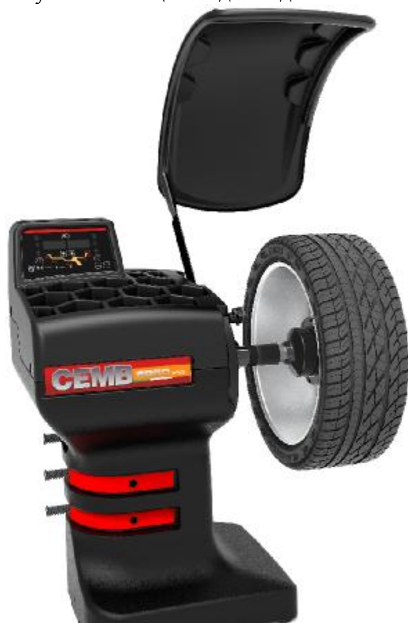
Рисунок 11 - Общий вид станков ER60PRO
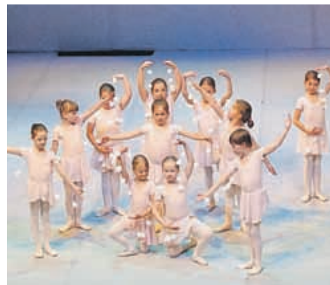
Najmlajše učenke plesne pripravnice v točki Snežinke
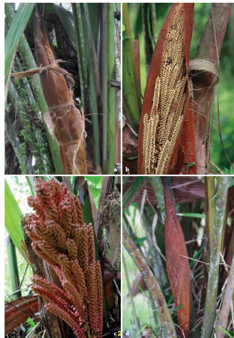
Figura 3. Experimento para evaluar el efecto del corte de la bráctea peduncular en el éxito reproductivo del cabecinegro ( Manicaria saccifera ). a) Recubierta (desmonte y monte de la bráctea peduncular); b) parcial (corte longitudinal de la bráctea peduncular); c) expuesta (retiro total de la bráctea peduncular); d) cubierta (bráctea sin intervención).

La extracción del cabecinegro se realiza de las poblaciones silvestres. La técnica de cosecha involucra el corte de toda la inflorescencia, la cual se hala con una vara llamada “garabato” y se corta con machete, para luego extraer cuidadosamente la fibra o bráctea peduncular y desechar inmediatamente en campo el resto de la inflorescencia (Figura 4). La cosecha más importante se da entre marzo y mayo, cuando un recolector puede extraer en cinco horas de trabajo hasta 100 brácteas. El tiempo dedicado a esta actividad en la semana está entre dos y tres días durante la temporada de alta cosecha; el resto del año cosechan de acuerdo a la demanda. El tamaño de las inflorescencias cortadas
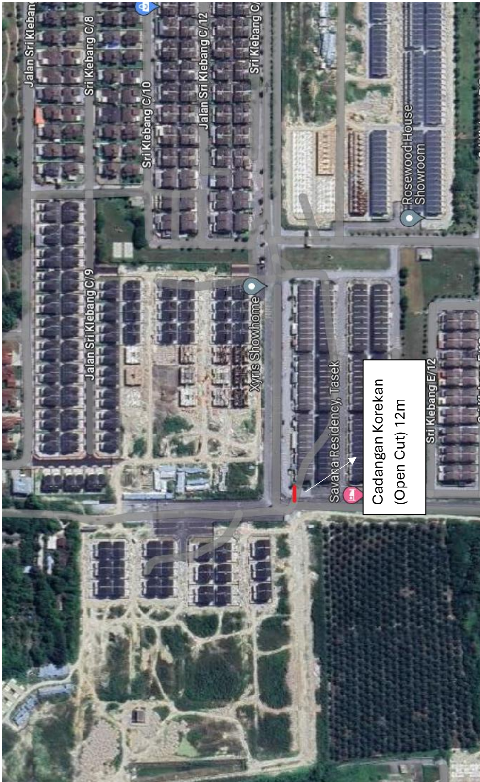
GAMBAR 2: PETA LOKASI
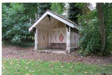
Fabrique de jardin. IVR22_20128005327NUCA
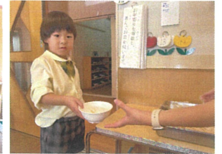
うどんのおかわりも たくさん貰っていました
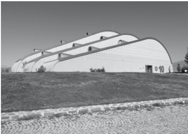
Το κεντρικό κτήριο του Μουσείου. Ο αριθμός 10 είναι ο τίτλος της έκθεσης που φιλοξενείται το διάστημα αυτό στο Μουσείο, σε επιμέλεια του Γερμανού επιμελητή τέχνης Marcus Graf, για να τονίσει τα δέκα χρόνια λειτουργίας του Baksı.

Το μεγαλύτερο όμως παράδειγμα των δυνατοτήτων που έχουν και προσφέρουν τα μουσεία έδωσε το ίδιο το Baksı που φιλοξένησε τη συνάντηση. Το Μουσείο Baksı ( http://en.baksi.org ) –ονομάστηκε έτσι από το αρχικό όνομα του χωριού δίπλα στο οποίο κτίστηκε– ιδρύθηκε τον Ιανουάριο του 2005 από τον Prof. Dr. Hüsamettin Koçan, καλλιτέχνη και πανεπιστημιακό. Καταγόμενος ο ίδιος από το ομώνυμο χωριό, από την εξαιρετικά απομακρυσμένη από τα μεγάλα αστικά κέντρα και ιδιαίτερος φτωχή περιοχή της Bayburt, στην ανατολική Τουρκία (3-4 περίπου ώρες με αυτοκίνητο νοτιοανατολικά από την Τραπεζούντα), θέλησε

........

● **Work instruction**
Each line from the top of the records through the one containing "Figura 3. Experimento" needs to be transcribed exactly, without pictures.

● **Problem solution**
Рисунок 11 - Общий вид станков ER60PRO
Najmlajše učenke plesne pripravnice v točki Snežinke
Figura 3. Experimento para evaluar el efecto del corte de la bráctea peduncular en el éxito reproductivo del cabecinegro ( Manicaria saccifera ). a) Recubierta (desmonte y monte de la bráctea peduncular); b) parcial (corte longitudinal de la bráctea peduncular); c) expuesta (retiro total de la bráctea peduncular); d) cubierta (bráctea sin intervención).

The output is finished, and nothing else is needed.